[Opening SUPPLIED MATERIAL section]

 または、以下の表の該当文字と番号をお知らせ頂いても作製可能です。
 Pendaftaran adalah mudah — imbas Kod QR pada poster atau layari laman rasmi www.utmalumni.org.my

[Closing SUPPLIED MATERIAL section]
[Opening SUPPLIED MATERIAL section]

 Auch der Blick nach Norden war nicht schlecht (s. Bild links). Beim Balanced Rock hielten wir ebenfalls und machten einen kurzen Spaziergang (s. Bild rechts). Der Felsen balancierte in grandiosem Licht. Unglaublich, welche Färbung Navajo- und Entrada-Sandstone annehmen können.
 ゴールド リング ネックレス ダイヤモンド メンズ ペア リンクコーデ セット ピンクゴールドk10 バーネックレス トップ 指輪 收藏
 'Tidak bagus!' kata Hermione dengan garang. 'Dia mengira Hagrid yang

[Closing SUPPLIED MATERIAL section]
[Opening SUPPLIED MATERIAL section]

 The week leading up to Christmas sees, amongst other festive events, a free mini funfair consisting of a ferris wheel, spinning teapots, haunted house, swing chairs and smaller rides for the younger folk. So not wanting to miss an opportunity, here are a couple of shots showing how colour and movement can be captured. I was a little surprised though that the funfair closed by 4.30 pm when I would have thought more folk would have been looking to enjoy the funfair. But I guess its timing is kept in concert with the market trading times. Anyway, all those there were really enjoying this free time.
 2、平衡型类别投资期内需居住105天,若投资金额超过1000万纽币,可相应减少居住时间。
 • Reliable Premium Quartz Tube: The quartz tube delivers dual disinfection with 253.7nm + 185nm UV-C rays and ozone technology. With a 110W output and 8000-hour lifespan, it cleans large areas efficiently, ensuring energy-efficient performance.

[Closing SUPPLIED MATERIAL section]

• [EXERCISE BRIEF] Based on the material above, how many lines contain the string "with"? State the number alone.

• [RESULT] 2